Si te sientes terrible porque dañaste a alguien, puede que exista alguna manera de reparar tu falta, eso es mejor que cargar con ella. Y tenerla no es terrible, pues hace que las personas sanas y conscientes nos diferenciemos de los psicópatas. 

 

¿Por qué nos aferramos a ella? 

Cuando hacemos algo “malo”, por ejemplo, lastimar a alguien querido, sentimos que merecemos un castigo. Sentirnos culpables es la manera de pagar el daño que causamos. Además, así nos evitamos un castigo que podría ser peor.

Tenemos la idea de que si nos equivocamos o no hacemos lo que “se debe” y al mismo tiempo sentimos culpa, entonces somos personas buenas. Por el contrario, si no nos sentimos culpables asumimos que somos malos, nos juzgamos demasiado y nos autodenominamos personas sin conciencia. Solo una persona muy mala le haría daño a alguien (o a sí misma) sin sentirse mal, ¿verdad?

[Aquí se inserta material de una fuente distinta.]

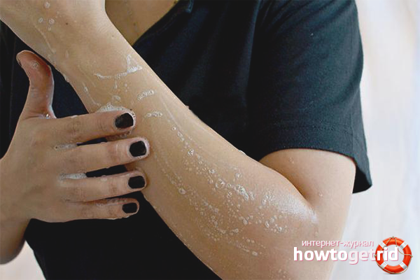 - Après la procédure, lavez la zone traitée, tapotez-vous les mains avec une serviette. Répartir la lotion sur peau humide, laisser jusqu'à absorption complète.
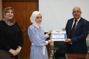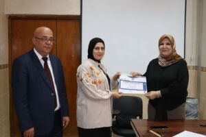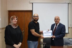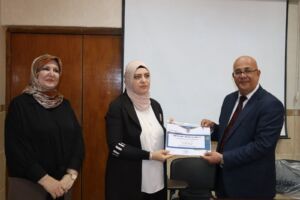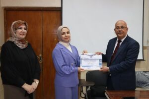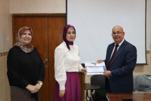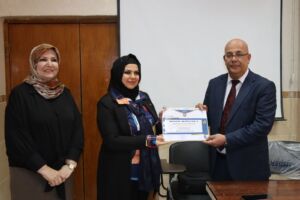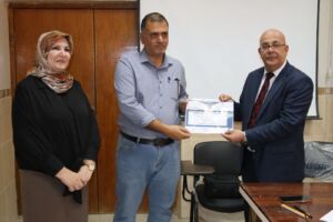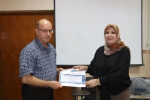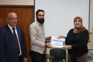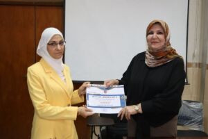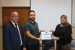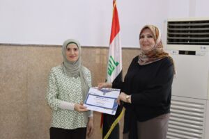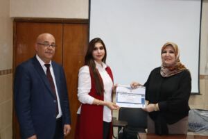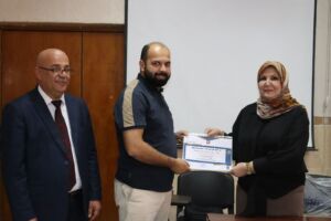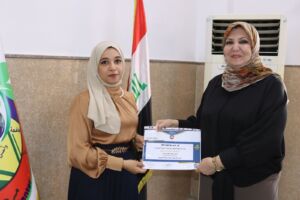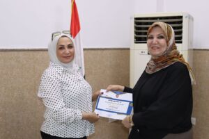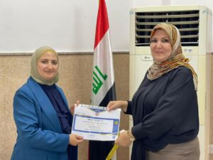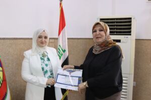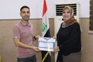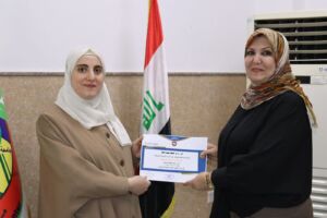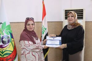 At the conclusion of the event, Assistant Professor Dr. Saba Khair Al-Din Ibrahim, Director of the Center, and Mr. Omar Khader Jumaa Shalawi, Director of the Nineveh Environment Directorate, distributed certificates of participation to the attendees, commending their active engagement and constructive interaction throughout the course

El problema con esta manera de pensar es que luego nos vamos a los extremos y nuestra idea de “hacer daño” puede incluir un montón de cosas que cometemos en nuestro acelere cotidiano; por ejemplo, terminar todos los pendientes de la oficina, saltarte la clase de pilates para poder dormir más, no contestarle el teléfono a tu mamá, ¡hasta poner límites nos da culpa!

 

Cuando nos invade la culpa creemos que somos malos y la pasamos bastante mal hasta que logramos tener otra actitud al respecto. Solo cuando aprendemos que las equivocaciones son parte de nuestra evolución y que en cada paso que damos tenemos la oportunidad para mejorar el que sigue, podremos vivir más tranquilos.

 

Pon a trabajar tus sentimientos de culpa

  • Reconoce que sientes culpa y ubica la causa.
  • Identifica qué tipo de culpa. A) Sistémica: si es porque estás rompiendo las reglas de algún grupo al que perteneces y lo que estás haciendo es para tu beneficio, ármate de valor y asume el precio de crecer. Lo más probable es que se te quite al tolerarla. Recuerda que no estás aquí para hacer lo que los demás quieren que hagas. B) Real: Si hiciste algo que necesita ser compensado o corregido. ¡Hazlo!
  • Aprende la lección de la experiencia. Céntrate en lo que tienes que aprender de la situación y pregúntate si tu sacrificio va generar un cambio real en tu estado o en el de los demás.
  • Perdónate. ¿Qué crees?, todos nos equivocamos y tú solo eres un ser humano como todos los demás.
  • Ten clara tu responsabilidad. Asúmela, esto es lo que te llenará de poder. Regrésale a los demás la suya, esto te liberará para hacer tu vida sin tener que cumplir las expectativas de otros.

 

Imagina que despiertas un día y todo ese peso que cargas lamentándote por lo que dijiste, hiciste o dejaste de hacer, se transforma en una herramienta eficaz para cuidar más tus palabras y acciones. Deja de perder el tiempo y utiliza la culpa a tu favor, de lo que se trata todo es de ser más feliz.